Exercise data
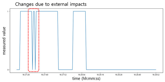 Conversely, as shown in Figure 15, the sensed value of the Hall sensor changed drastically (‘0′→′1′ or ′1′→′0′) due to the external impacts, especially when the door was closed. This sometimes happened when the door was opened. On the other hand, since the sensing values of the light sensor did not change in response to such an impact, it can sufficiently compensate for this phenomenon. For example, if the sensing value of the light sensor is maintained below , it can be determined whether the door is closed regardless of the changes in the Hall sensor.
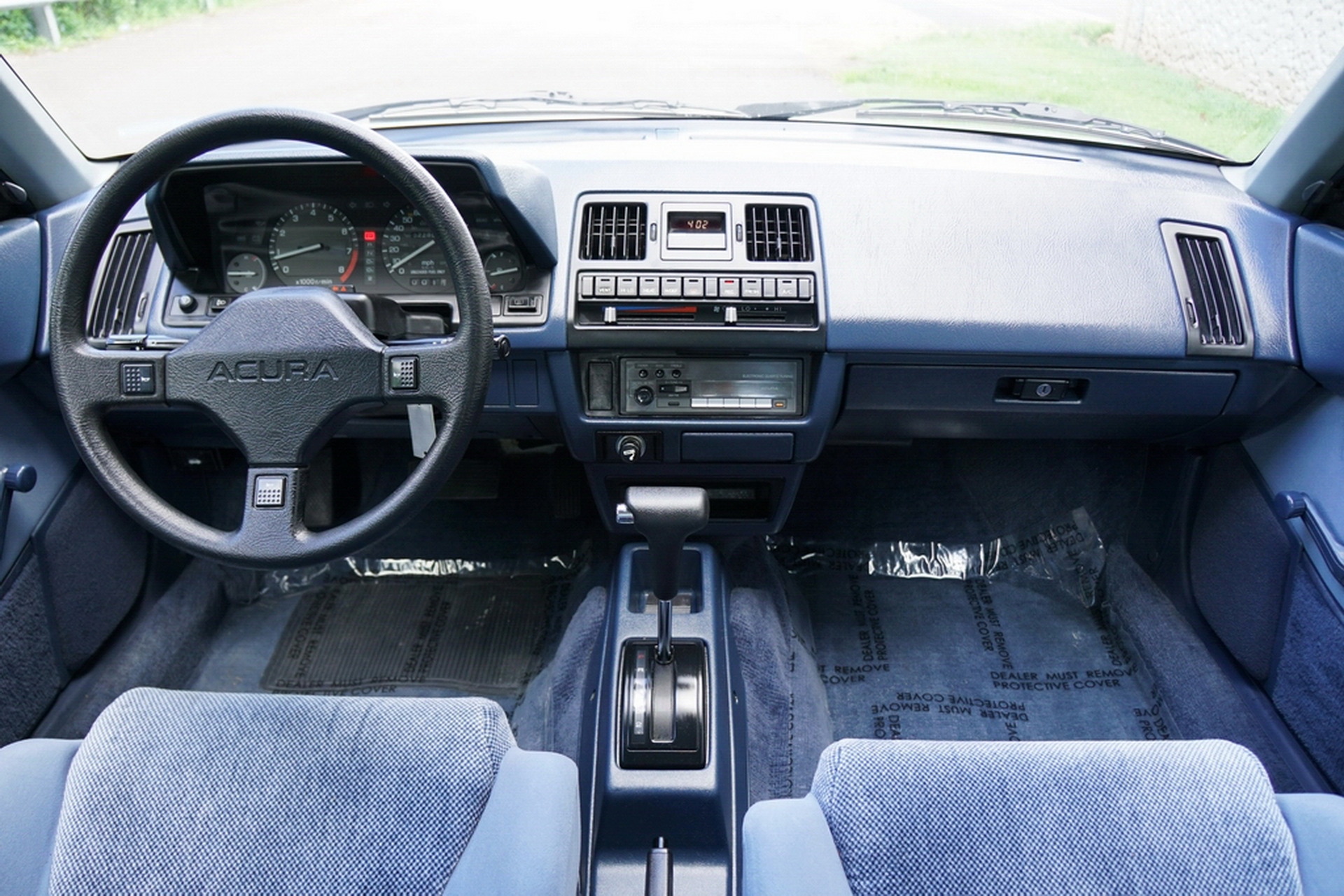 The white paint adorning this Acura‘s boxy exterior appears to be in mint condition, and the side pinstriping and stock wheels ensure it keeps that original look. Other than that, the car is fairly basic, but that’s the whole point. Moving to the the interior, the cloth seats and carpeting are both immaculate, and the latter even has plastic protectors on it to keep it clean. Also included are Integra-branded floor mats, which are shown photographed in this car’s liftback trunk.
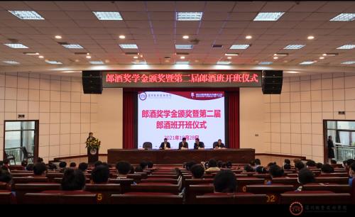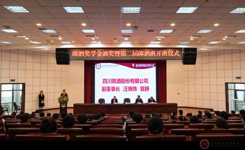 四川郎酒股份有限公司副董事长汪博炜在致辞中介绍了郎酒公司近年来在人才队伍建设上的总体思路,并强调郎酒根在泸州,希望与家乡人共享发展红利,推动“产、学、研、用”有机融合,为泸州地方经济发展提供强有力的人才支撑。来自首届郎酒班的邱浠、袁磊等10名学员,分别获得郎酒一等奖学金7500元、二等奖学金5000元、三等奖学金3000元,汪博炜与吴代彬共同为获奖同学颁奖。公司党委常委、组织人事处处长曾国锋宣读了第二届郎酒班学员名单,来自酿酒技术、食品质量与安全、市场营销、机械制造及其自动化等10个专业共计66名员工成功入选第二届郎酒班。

What to do
Print the data above exactly, from its first line to the line bearing "The white paint" inclusive, and keep pictures out of the result.

Answer below
 Conversely, as shown in Figure 15, the sensed value of the Hall sensor changed drastically (‘0′→′1′ or ′1′→′0′) due to the external impacts, especially when the door was closed. This sometimes happened when the door was opened. On the other hand, since the sensing values of the light sensor did not change in response to such an impact, it can sufficiently compensate for this phenomenon. For example, if the sensing value of the light sensor is maintained below , it can be determined whether the door is closed regardless of the changes in the Hall sensor.
 The white paint adorning this Acura‘s boxy exterior appears to be in mint condition, and the side pinstriping and stock wheels ensure it keeps that original look. Other than that, the car is fairly basic, but that’s the whole point. Moving to the the interior, the cloth seats and carpeting are both immaculate, and the latter even has plastic protectors on it to keep it clean. Also included are Integra-branded floor mats, which are shown photographed in this car’s liftback trunk.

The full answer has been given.